中央構造線沿いでは中生代白亜紀に当時の震源領域よりやや下で形成された、花崗岩類が延性変形を受けたマイロナイトが、その後の上昇と削剥により現在の地表に見られますので、白亜紀当時には少なくとも震源領域の下限より下まで断層(剪断帯)があったと考えられます。
日高山地西縁は、かつてはユーラシア(アムール)プレート側と、北アメリカ(オホーツク)プレート側の千島弧の衝突境界だったのですが、当時の下部地殻のはんれい岩やマントルのかんらん岩がマイロナイト化したものが、その後の上昇と削剥により地表に見られますので、当時の断層はマントル上端の深さにまで達していたと考えられます。
地質境界としての構造線については、ここで考えている下端の深さは、あくまでその当時の深さです。それを上昇削剥により現在の地表に露出している断層岩から推定したものです。
その後の再活動により、再び、深部に断層岩が形成されているかもしれませんが、それは今のところ、想像するしかありません。
早川の地質境界としての糸魚川-静岡構造線は、もし櫛形地塊が、北上し始めたフィリピン海プレート上の伊豆-小笠原島弧の北端にあって本州に衝突したのだとしたら、当時のプレート境界になりますから、その境界断層はマントルにまで達していたはずです。しかし櫛形と御坂については、本州側だったという考えもあります。

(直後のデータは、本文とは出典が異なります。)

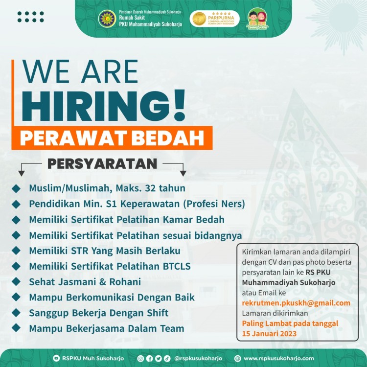 We are hiring Perawat Bedah RS PKU Muhammadiyah Sukoharjo
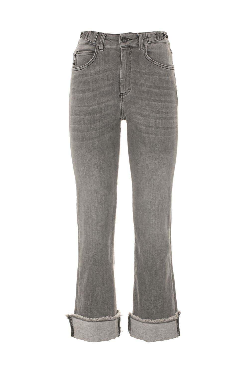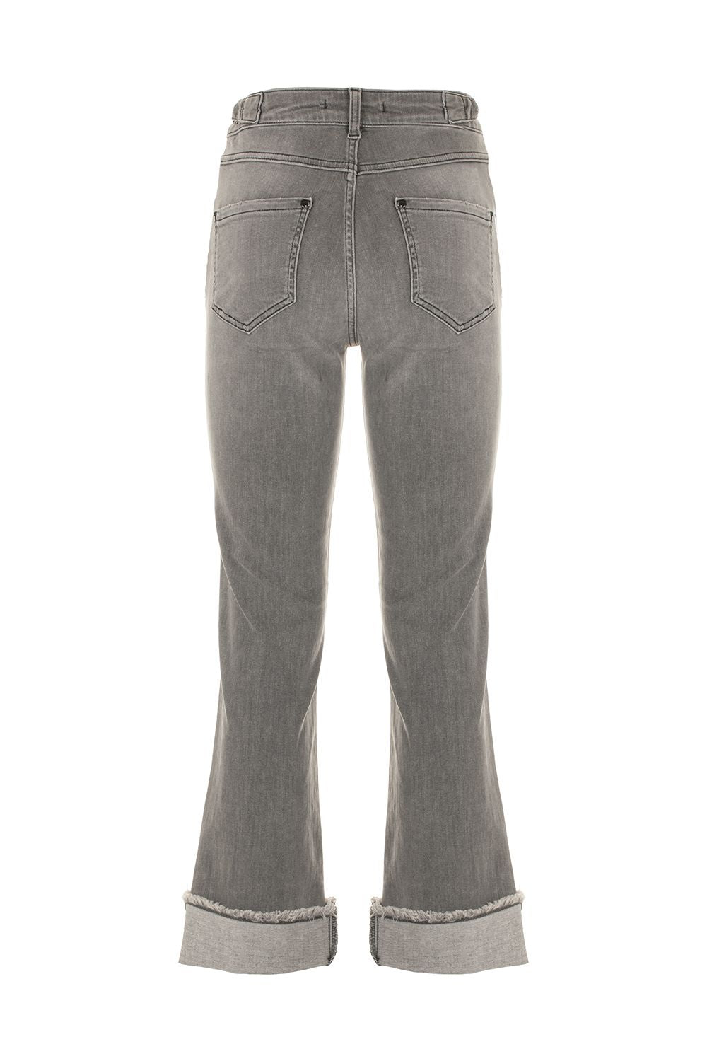 Imperfect denim, light blue color, buttons and zip closure, 5-pocket design, slightly elasticized

活断層の定義は「最近の時代に繰り返しずれ動いた断層で、将来に再びずれ動いて地震を発生する断層」です。「地震を発生する」に注目するなら、地下5km~15kmの震源域に達していることが定義に含まれていることになります。
つまり、地表における地震動(揺れ)によって地すべりなどの地盤変状が生じることがありますが、それによって地面に食い違いが生じても、それだけでは活断層とは呼べないということになります。
活断層である下円井断層や市之瀬断層は、西側の、櫛形山を含む現在の地形としての南アルプス側が東側の甲府盆地川に押しかぶさる逆断層ですね。構造探査で、その断層面は低角西傾斜ですが、早川の直下まで達しているかどうかまでは確かめられていません。
地質境界としての糸魚川-静岡構造線と、これらの活断層群は、10kmも離れていますから、「糸魚川-静岡構造線」という名前は混乱のもとになっていると私は思います。むしろ「甲府盆地西縁断層群」のほうが実態に合っていると思います。